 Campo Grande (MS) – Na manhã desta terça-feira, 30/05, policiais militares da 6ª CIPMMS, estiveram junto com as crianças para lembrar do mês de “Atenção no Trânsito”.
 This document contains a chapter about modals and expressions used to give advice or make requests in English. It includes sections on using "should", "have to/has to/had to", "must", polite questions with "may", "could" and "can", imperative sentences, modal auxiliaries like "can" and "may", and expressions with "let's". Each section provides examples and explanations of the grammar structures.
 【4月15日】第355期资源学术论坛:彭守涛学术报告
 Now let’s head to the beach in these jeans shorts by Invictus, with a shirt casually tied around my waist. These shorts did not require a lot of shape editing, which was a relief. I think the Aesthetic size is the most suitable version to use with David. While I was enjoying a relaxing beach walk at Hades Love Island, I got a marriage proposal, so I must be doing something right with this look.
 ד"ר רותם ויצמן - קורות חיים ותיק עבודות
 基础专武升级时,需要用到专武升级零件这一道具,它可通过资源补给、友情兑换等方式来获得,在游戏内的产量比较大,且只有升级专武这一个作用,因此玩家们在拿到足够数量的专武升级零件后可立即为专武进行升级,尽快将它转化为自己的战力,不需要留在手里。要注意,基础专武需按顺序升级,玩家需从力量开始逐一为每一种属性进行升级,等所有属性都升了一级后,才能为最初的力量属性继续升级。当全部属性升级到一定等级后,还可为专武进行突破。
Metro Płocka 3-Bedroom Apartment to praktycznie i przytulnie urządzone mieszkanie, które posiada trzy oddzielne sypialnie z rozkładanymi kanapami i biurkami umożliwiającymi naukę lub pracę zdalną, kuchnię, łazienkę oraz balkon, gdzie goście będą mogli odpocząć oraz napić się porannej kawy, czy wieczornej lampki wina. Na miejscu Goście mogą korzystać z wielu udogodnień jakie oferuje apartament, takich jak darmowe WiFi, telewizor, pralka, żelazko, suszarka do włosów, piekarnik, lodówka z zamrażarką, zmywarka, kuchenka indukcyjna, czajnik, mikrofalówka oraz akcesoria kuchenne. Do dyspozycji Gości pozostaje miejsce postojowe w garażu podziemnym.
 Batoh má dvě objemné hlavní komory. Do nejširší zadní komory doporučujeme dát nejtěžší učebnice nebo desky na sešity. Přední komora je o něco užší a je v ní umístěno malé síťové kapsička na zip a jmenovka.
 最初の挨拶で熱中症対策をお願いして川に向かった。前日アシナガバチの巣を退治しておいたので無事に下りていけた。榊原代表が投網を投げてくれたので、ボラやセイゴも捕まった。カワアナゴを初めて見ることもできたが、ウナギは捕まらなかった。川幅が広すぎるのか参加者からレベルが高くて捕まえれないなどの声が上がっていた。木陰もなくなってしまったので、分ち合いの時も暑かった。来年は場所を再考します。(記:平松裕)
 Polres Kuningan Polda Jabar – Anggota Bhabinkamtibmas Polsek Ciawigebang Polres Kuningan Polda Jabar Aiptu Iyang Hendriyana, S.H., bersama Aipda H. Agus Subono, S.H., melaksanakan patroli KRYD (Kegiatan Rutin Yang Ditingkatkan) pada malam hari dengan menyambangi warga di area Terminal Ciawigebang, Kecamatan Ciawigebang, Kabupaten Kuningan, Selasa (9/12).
+++
> **Activity**: All that is required is the number of lines in the data above that contain the word "with".

> **Solution to this problem**: 2